AIM OF THE TASK: Retype the material that follows exactly, limited to the lines from the one with "2月16日,經營創意小家電的" through the one with "This flat is", and keep out all pictures.

-- DATASET CONTENT follows --

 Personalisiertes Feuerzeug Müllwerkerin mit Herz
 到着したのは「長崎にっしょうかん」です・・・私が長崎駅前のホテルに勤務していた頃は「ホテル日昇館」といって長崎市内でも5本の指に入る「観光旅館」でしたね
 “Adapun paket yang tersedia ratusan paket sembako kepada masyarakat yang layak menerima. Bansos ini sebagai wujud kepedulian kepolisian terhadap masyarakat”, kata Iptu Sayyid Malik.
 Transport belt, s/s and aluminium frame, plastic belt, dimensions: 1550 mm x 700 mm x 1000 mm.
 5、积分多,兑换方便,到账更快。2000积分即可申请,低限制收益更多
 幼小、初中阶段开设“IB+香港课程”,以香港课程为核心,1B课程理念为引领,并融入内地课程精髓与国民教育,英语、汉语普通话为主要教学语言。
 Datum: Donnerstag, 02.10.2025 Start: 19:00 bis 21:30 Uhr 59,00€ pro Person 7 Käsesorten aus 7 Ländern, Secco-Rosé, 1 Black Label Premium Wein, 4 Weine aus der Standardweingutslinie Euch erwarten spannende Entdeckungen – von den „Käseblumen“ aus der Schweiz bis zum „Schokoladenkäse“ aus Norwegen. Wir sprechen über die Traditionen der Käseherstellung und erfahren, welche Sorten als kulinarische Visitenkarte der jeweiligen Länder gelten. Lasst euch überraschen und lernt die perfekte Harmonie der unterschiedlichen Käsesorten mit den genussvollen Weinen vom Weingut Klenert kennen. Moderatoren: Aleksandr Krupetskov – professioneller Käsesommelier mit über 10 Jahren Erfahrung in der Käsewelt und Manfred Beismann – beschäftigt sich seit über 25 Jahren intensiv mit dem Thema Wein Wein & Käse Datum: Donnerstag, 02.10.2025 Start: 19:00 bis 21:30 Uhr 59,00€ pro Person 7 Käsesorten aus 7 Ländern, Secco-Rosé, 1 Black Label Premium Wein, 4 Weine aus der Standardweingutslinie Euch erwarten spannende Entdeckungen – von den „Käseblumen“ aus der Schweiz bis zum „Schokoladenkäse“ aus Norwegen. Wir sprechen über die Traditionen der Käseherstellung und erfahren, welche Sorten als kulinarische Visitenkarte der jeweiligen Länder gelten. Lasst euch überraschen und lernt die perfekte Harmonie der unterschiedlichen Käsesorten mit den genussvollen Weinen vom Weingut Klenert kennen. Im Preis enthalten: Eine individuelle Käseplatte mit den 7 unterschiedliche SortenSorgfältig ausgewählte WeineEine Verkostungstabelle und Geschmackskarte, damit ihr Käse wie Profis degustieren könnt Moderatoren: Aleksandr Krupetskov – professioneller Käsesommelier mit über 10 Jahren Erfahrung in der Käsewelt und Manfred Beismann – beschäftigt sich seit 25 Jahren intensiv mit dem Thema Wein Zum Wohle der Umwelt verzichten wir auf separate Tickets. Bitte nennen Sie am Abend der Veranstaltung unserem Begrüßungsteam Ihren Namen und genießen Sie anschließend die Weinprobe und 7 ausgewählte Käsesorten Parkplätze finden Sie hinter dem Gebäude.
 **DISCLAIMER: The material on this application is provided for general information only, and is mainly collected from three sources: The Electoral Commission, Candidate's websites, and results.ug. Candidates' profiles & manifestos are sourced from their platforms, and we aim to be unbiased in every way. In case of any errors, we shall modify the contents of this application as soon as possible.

-- DATASET CONTENT concluded --
-- DATASET CONTENT follows --

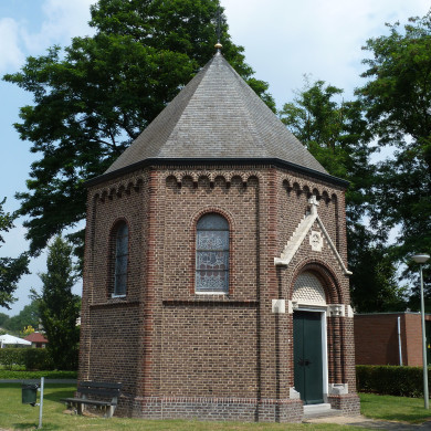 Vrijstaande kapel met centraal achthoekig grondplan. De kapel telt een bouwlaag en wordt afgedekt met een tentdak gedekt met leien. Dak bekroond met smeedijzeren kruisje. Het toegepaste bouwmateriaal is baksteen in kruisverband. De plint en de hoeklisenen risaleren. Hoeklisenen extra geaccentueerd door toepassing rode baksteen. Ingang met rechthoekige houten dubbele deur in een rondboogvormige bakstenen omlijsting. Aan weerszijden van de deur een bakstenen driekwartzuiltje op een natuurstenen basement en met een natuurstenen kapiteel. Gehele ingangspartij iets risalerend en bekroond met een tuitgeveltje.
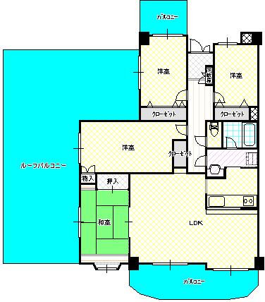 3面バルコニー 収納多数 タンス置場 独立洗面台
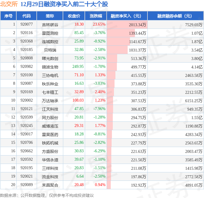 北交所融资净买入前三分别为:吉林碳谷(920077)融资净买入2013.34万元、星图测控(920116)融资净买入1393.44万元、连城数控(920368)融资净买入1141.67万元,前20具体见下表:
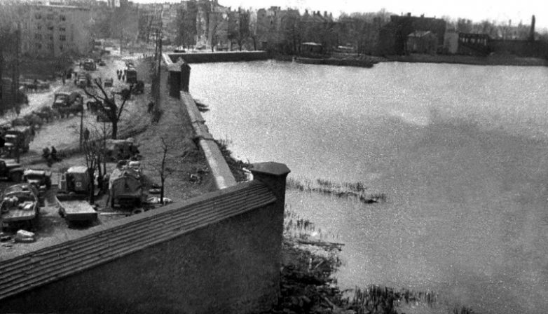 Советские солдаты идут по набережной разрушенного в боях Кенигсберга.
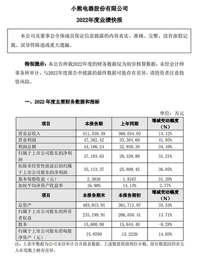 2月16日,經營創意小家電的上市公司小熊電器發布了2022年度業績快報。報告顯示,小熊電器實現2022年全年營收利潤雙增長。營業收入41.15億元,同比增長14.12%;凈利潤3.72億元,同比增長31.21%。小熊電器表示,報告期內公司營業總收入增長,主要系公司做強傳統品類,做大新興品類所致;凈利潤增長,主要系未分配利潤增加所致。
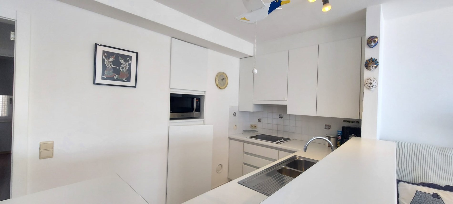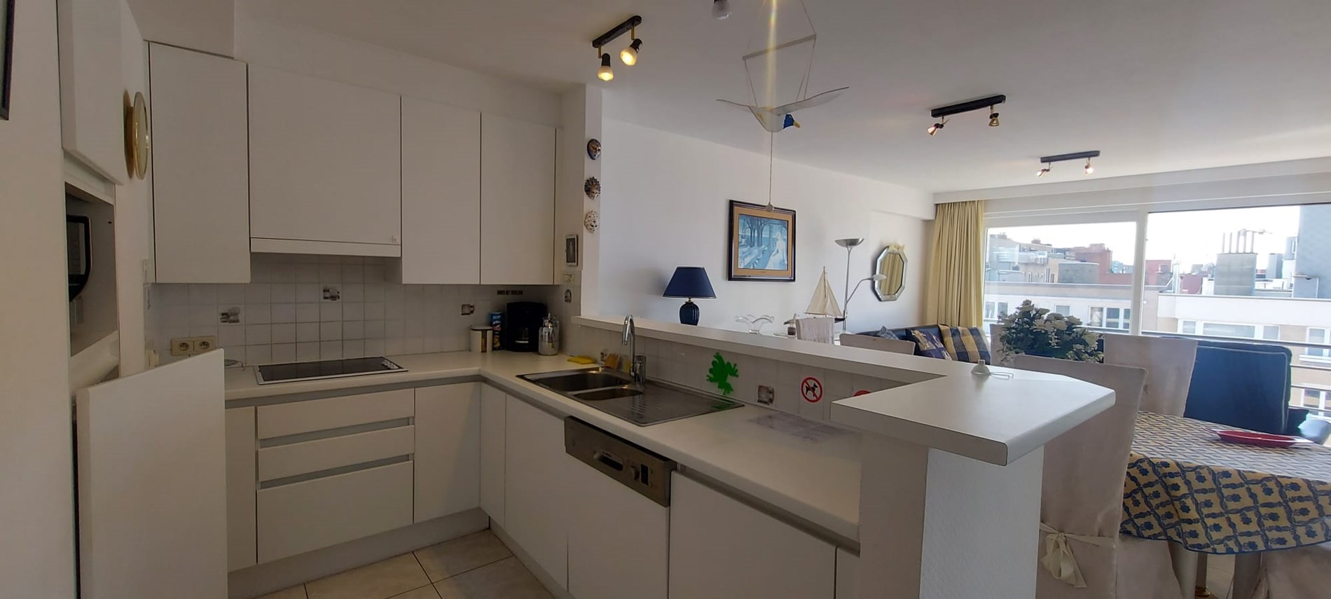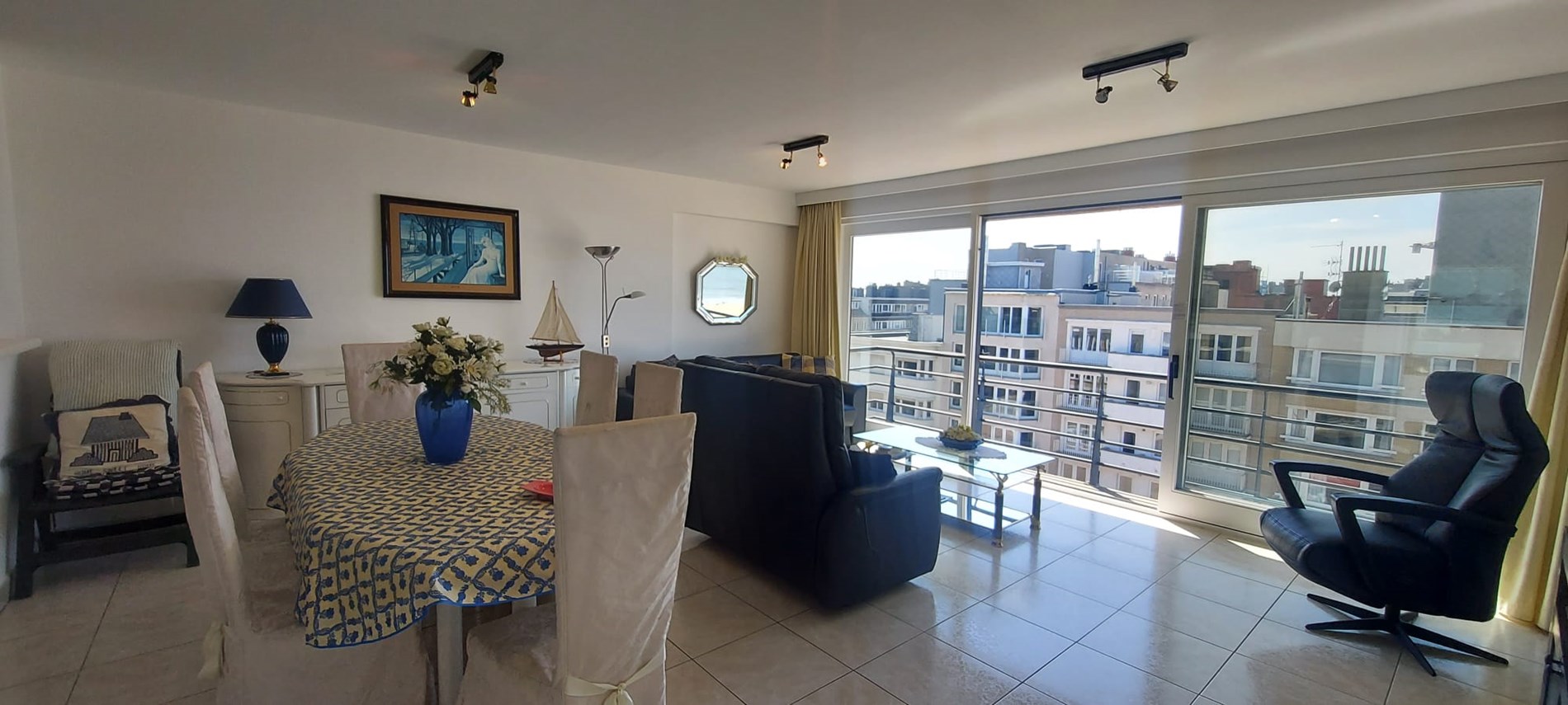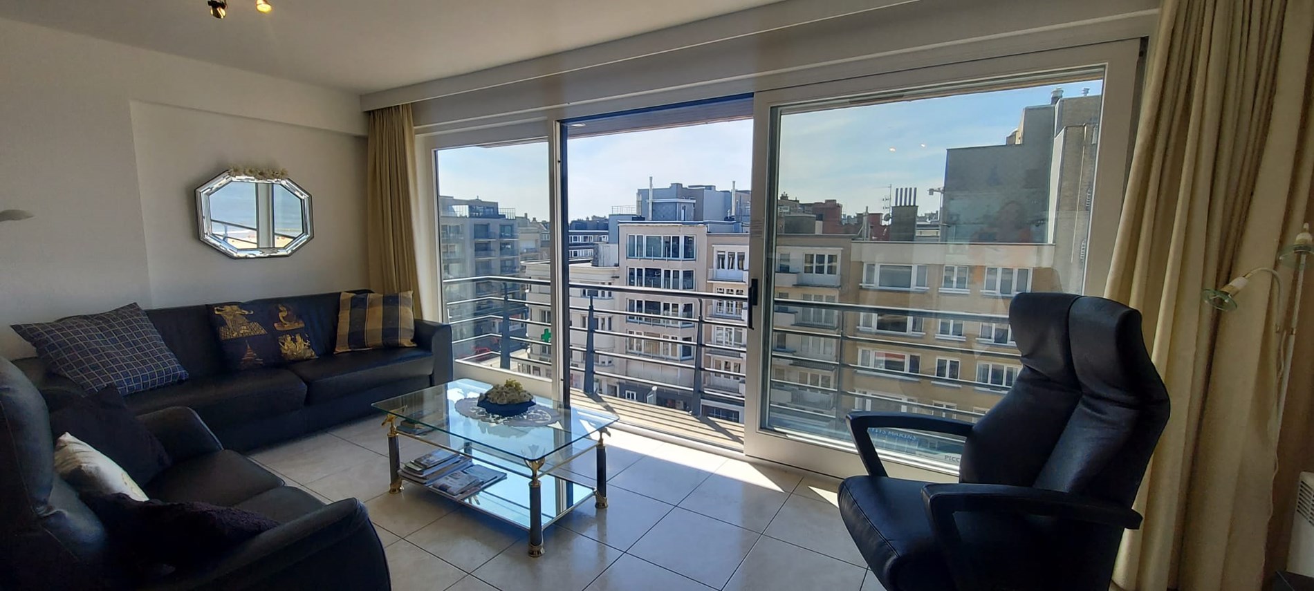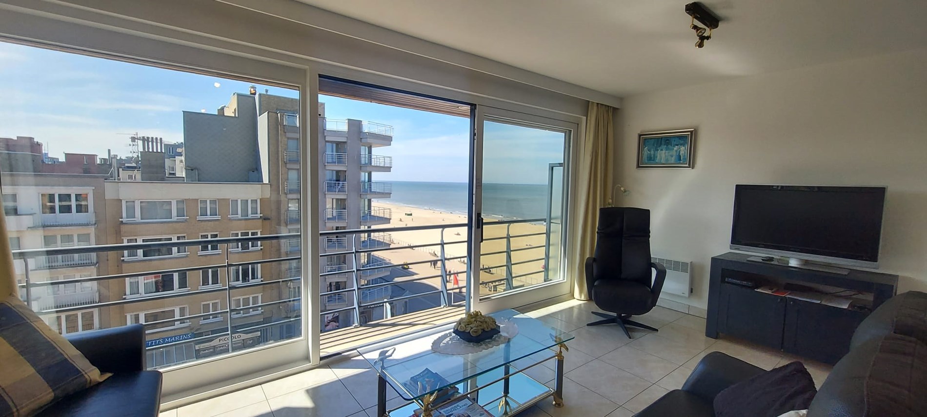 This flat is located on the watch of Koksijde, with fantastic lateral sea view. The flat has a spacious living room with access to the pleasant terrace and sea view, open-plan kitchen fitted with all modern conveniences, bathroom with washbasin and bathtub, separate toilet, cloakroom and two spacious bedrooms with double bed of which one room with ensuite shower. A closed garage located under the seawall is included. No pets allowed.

-- DATASET CONTENT concluded --
-- DATASET CONTENT follows --

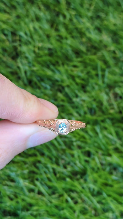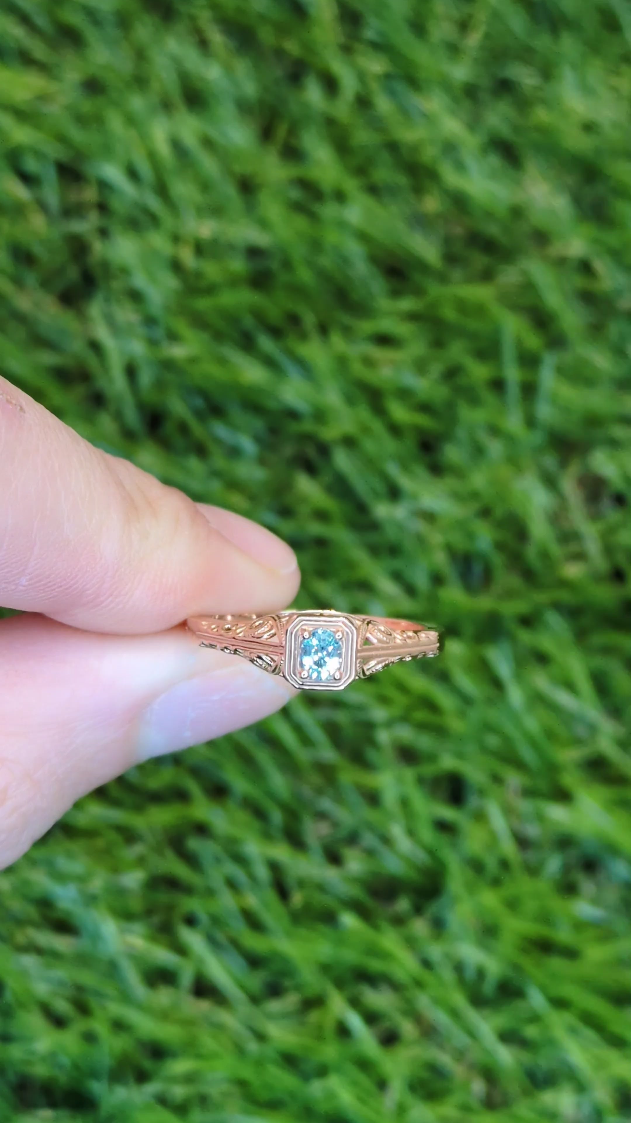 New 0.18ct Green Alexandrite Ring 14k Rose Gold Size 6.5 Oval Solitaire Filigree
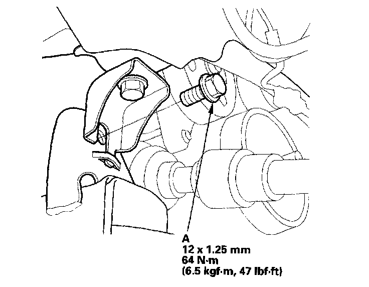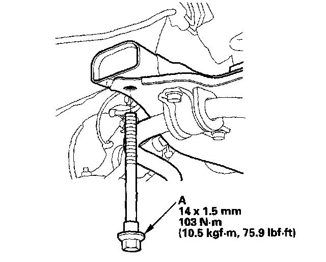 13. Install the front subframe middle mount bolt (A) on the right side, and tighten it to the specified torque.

-- DATASET CONTENT concluded --

TASK RESPONSE:
 2月16日,經營創意小家電的上市公司小熊電器發布了2022年度業績快報。報告顯示,小熊電器實現2022年全年營收利潤雙增長。營業收入41.15億元,同比增長14.12%;凈利潤3.72億元,同比增長31.21%。小熊電器表示,報告期內公司營業總收入增長,主要系公司做強傳統品類,做大新興品類所致;凈利潤增長,主要系未分配利潤增加所致。
 This flat is located on the watch of Koksijde, with fantastic lateral sea view. The flat has a spacious living room with access to the pleasant terrace and sea view, open-plan kitchen fitted with all modern conveniences, bathroom with washbasin and bathtub, separate toilet, cloakroom and two spacious bedrooms with double bed of which one room with ensuite shower. A closed garage located under the seawall is included. No pets allowed.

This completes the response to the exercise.